How to Develop Software
KM3NeT defines guidelines and recommendations for software development which help to maintain a consistent project structure and development process.
Continuous Integration
Each project on Git has to implement at least a basic continuous integration (CI) routine based on GitLab CI, which is stored in a single YAML file in the root of the project’s repository. This file contains workflows to automate a set of jobs whenever the project is updated, some of them are mandatory, others are optional. The mandatory CI jobs to automate are:
- Compilation: the most basic requirement is that the software actually compiles on at least one of the target systems. In case of KM3NeT, the main target system as of writing this document is Scientific Linux 7, which is used on most of the HPC environments.

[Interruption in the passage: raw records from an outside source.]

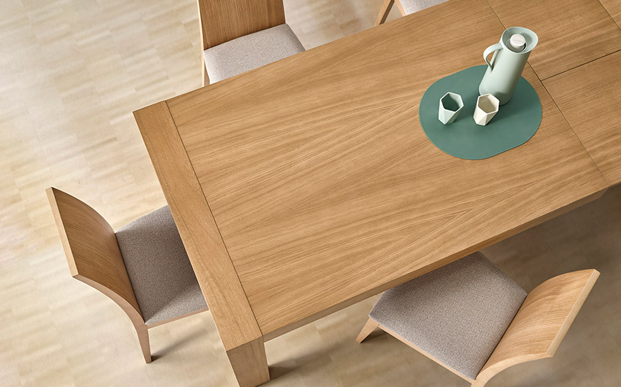Sí, la mesa Évora está pensada para su uso en comedores gracias a su sistema extensible y materiales resistentes, como melamina y chapas naturales de haya o roble. Permite ajustar el tamaño según el número de comensales, lo que la hace perfecta para reuniones familiares, uso diario y ocasiones especiales en el hogar.
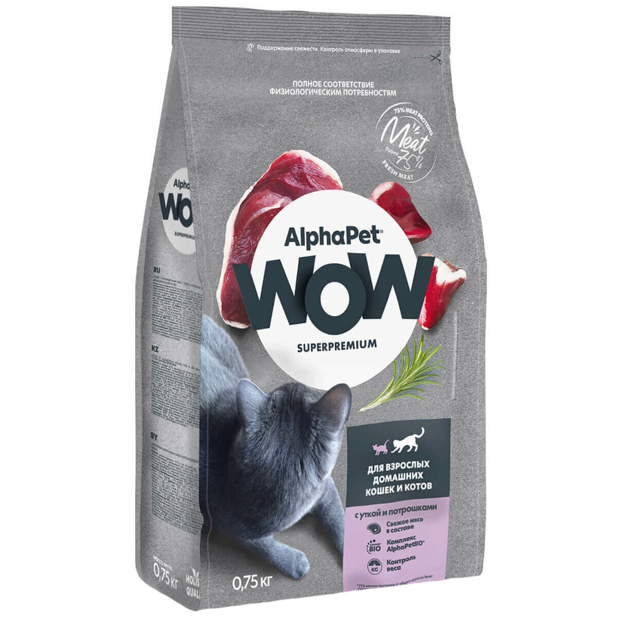 ALPHAPET WOW SUPERPREMIUM сухой корм для взрослых стерилизованных кошек и котов с уткой и потрошками 750г х 1 шт
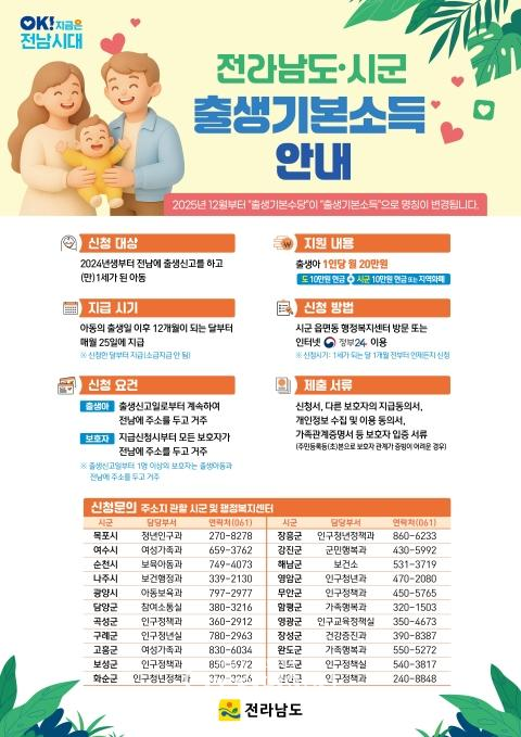전남도는 2025년 11월 기본사회 흐름을 반영해 ‘전라남도 출생기본소득 지급에 관한 조례’를 개정하고, 제도 명칭을 출생기본수당에서 출생기본소득으로 변경했다.
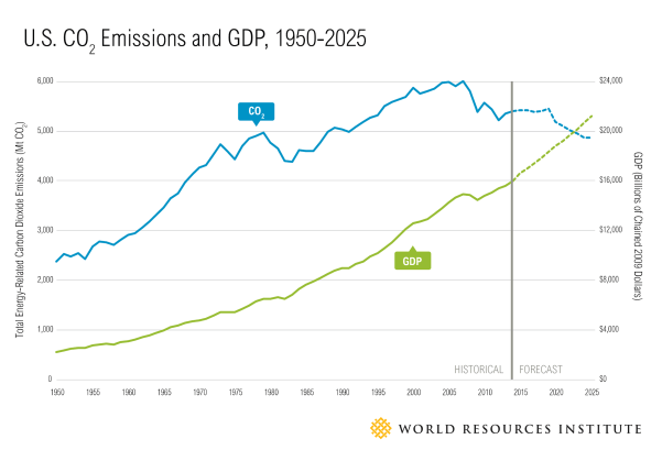 - US CO2 and GDP, 1950-2025. Source: Aden, 2016.
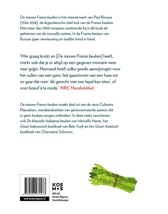 Het kookboek 'De Nieuwe Franse Keuken' van Paul Bocuse staat vol met recepten van deze bekende Franse chef. Paul Bocuse is helaas overleden in 2018, maar zijn recepten leven voort in zijn sterrenrestaurants.Zijn bekende zwarte truffel soep, bedacht voor president Valéry Giscard-d'Estaing, is een ware klassieker en de Bocuse d'Or, een zeer prestigieuse kookwedstrijd, is door hem opgezet. Zoals het NRC Handelsblad zei: 'Er is geen beter raadgever dan Paul Bocuse'.
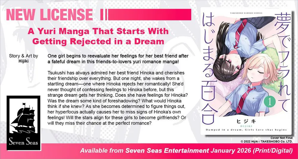 Brand-new license announcement! A YURI MANGA THAT STARTS WITH GETTING REJECTED IN A DREAM by Hijiki. One girl begins to reevaluate her feelings for her best friend after a fateful dream in this friends-to-lovers #yuri / Girls’ Love romance manga!
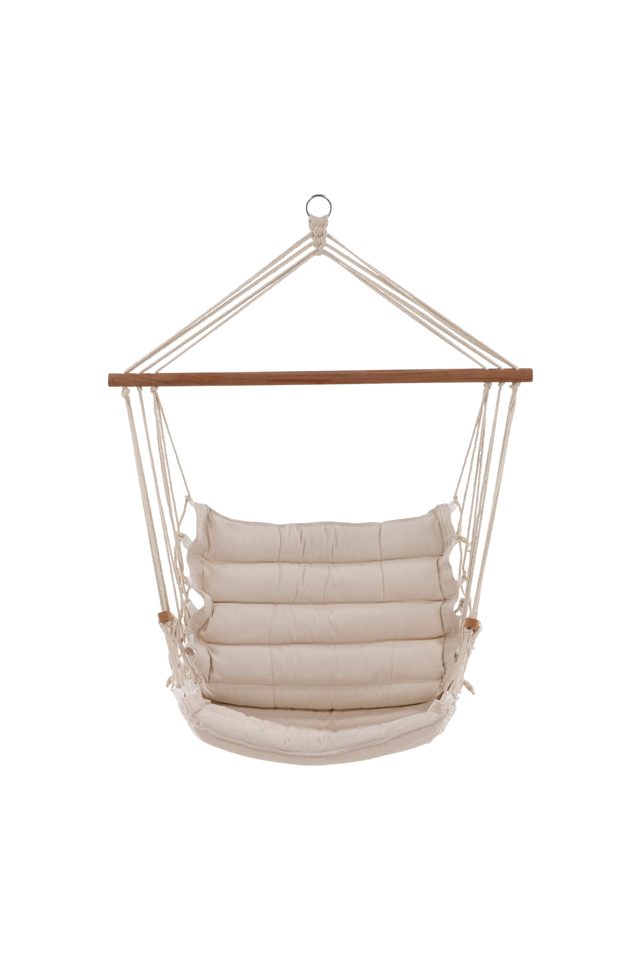 Luo puutarhaan viihtyisä paikka Tapaz-sarjan riipputuolilla! Tässä riipputuolissa on kaikki: moderni muotoilu, kutsuva design ja kestävä materiaali. Istuin valkoista polyesteri- ja puuvillakangasta. Koristeelliset puuyksityiskohdat pitävät köydet yhdessä. Rentoudu ja nauti harmonisesta ja mukavasta omasta ajasta! Mitat: korkeus: 130 cm, leveys: 70 cm, syvyys: 50 cm
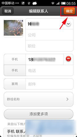 3)小编以【图库】为例,随便选取了一张图片点击【确定】,返回编辑联系人后再次【确定】(如下图所示)
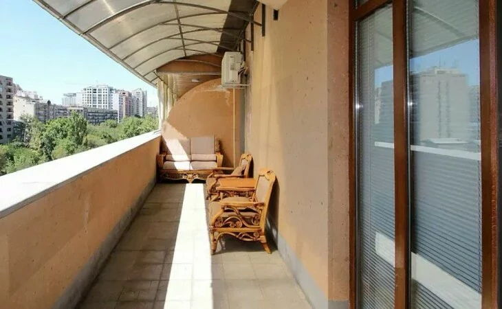 Сдается светлая и красивая 3-комнатная квартира в строящемся доме по улице Арами, 130 кв.м., 2 санузла, квартира укомплектована необходимой мебелью и техникой.
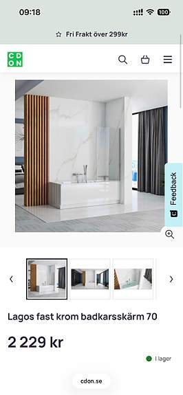 Duschvägg till badkar
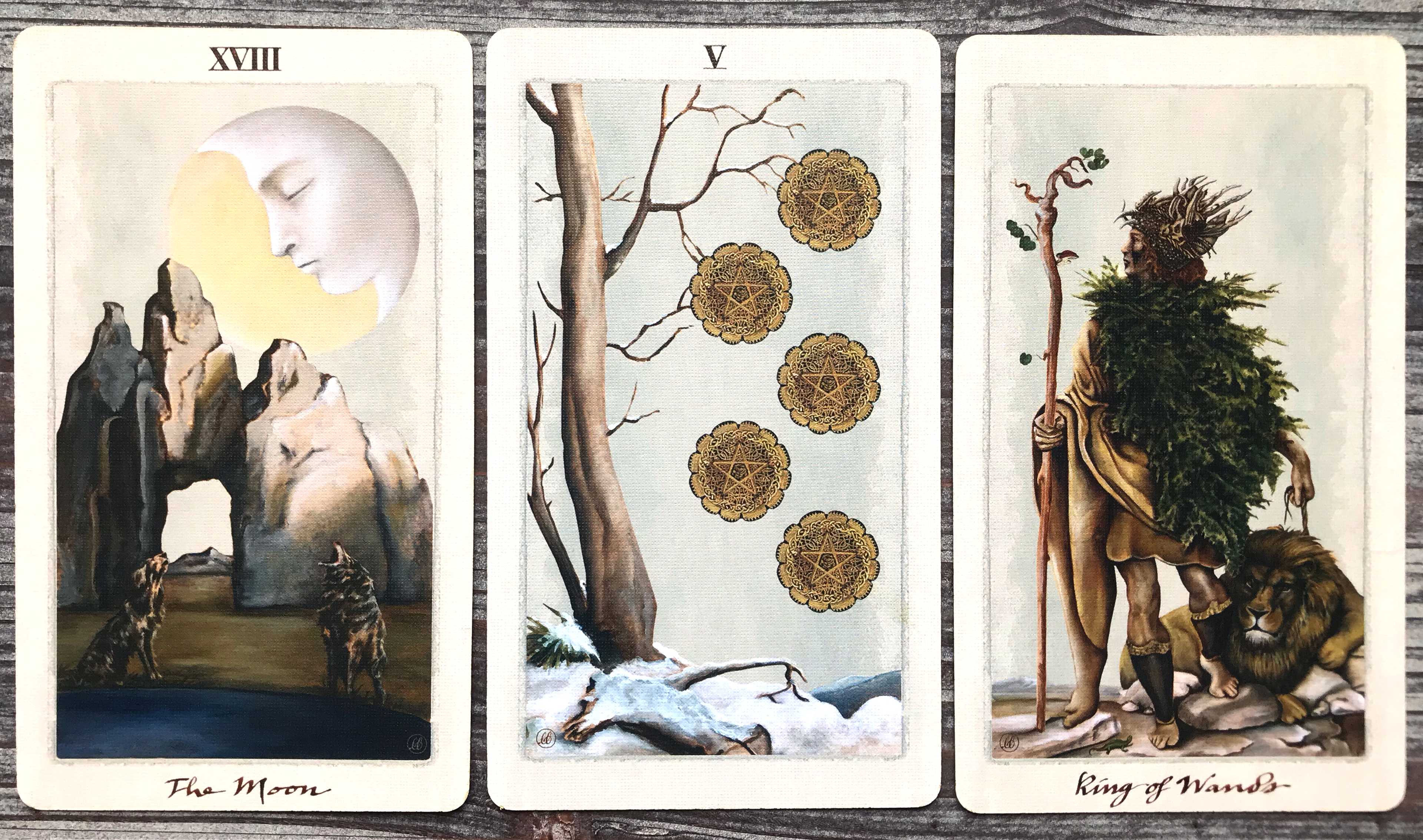 Reading Summary: When I’m feeling uncertain of where to place my feet (The Moon) and the world feels like it’s falling apart around me (Five of Pentacles), remember to have faith in that inner spark of passion that drives me forward (King of Wands) as my real strength lies within the determination that lives there (the Lion in the King of Wands).

- Running the test suite: the test suite consists of testing routines which target specific parts of the software and make sure that they are working as expected. Tests are categorised into different levels: unit-tests (function-level), integration tests (interface between components), system tests (complete integration of the software) and acceptance tests (define the readiness of a product)
- Installation: the actual installation routine as described in the user guide
- Documentation: generating the documentation including the API description
Optional but highly recommended CI jobs to automate are:
- Benchmarks: to measure the actual performance and potential regressions
- Dynamically created Tutorials: comprehensive guidelines which describe how perform specific tasks with the software. The code examples must not be static but dynamically executed. This makes sure that the tutorial is up-to-date and can be executed flawlessly by the user.
- Publishing: this includes the creation of Docker and Singularity images, as well as other publishing routines like e.g. uploading a release to PyPI
Development Process
The main development branch is the master
branch on Git and is meant to refer
to the latest stable version of the software. New features, experimental
implementations and bug fixing is done on separate branches and eventually
merged back to master
after a code review and approvals of at least two
additional developers. The CI makes sure that the software is working as
expected and also indicates when the code coverage – the fraction of untested
parts of the software – is decreased upon a merge.
A separate job in the pipeline is set up to check the coding style automatically
and ensures a common style among the whole project.
To keep track of important additions, changes, bug fixes and deprecations, a
CHANGELOG
is available and updated accordingly. This files serves as an
overview for the users to keep track of the development process without spending
too much time to browse through closed issues and merge requests.
The versioning follow the Semantic Versioning 2.0.0 (https://semver.org)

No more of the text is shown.